EXERCISE DESCRIPTION: Word for word, copy all the data and drop the pictures.

DATA EXTRACT:
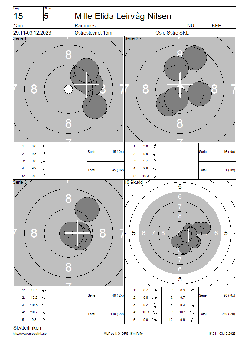 | 15 Skudd | 140 | 25 Skudd | 230 | 35 Skudd | 230 | ||||||||||||||||||||||||||||||||||||||||||
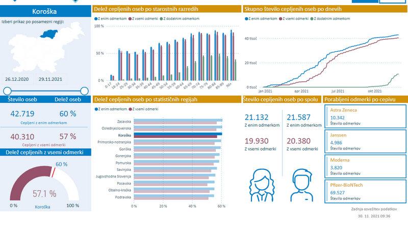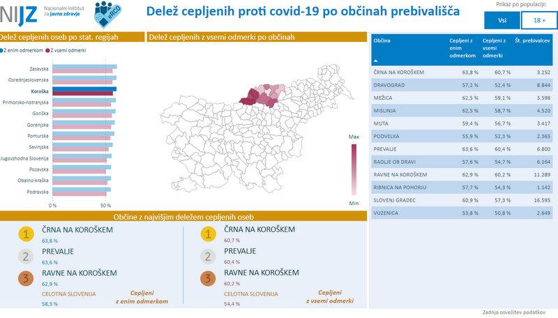 Na Koroškem je z enim odmerkom cepiva proti covidu-19 po podatkih NIJZ cepljenih 42.719 ljudi, z vsemi potrebnimi odmerki pa 40.310 oseb. V regiji po precepljenosti izstopa Črna na Koroškem, sledijo pa Prevalje in Ravne na Koroškem. Najslabšo precepljenost beležijo v Vuzenici.
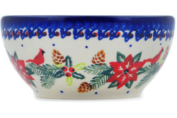 This Cardinal's Home 5" Bowl was handmade and hand decorated in Boleslawiec, Poland by skilled artisans according to old traditional methods. This is a Polish pottery Signature Unikat, which means that it has been hand painted with both sponges and brushes and it is signed by the artist who painted it. Unikat pieces are the most intricate works of art. Larger Unikat items take hours of very careful work to finish. This Polish stoneware is microwave, dishwasher, freezer, and oven safe up to 480°F. It does not contain lead or cadmium. It is part of the Cardinal's Home Collection.
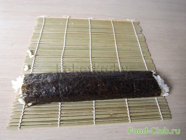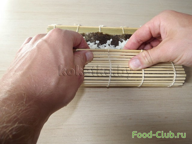 10. С помощью бамбуковой салфетки сворачиваем роллы.

RESULT OF THE TASK:
 | 15 Skudd | 140 | 25 Skudd | 230 | 35 Skudd | 230 | ||||||||||||||||||||||||||||||||||||||||||
 Na Koroškem je z enim odmerkom cepiva proti covidu-19 po podatkih NIJZ cepljenih 42.719 ljudi, z vsemi potrebnimi odmerki pa 40.310 oseb. V regiji po precepljenosti izstopa Črna na Koroškem, sledijo pa Prevalje in Ravne na Koroškem. Najslabšo precepljenost beležijo v Vuzenici.
 This Cardinal's Home 5" Bowl was handmade and hand decorated in Boleslawiec, Poland by skilled artisans according to old traditional methods. This is a Polish pottery Signature Unikat, which means that it has been hand painted with both sponges and brushes and it is signed by the artist who painted it. Unikat pieces are the most intricate works of art. Larger Unikat items take hours of very careful work to finish. This Polish stoneware is microwave, dishwasher, freezer, and oven safe up to 480°F. It does not contain lead or cadmium. It is part of the Cardinal's Home Collection.
 10. С помощью бамбуковой салфетки сворачиваем роллы.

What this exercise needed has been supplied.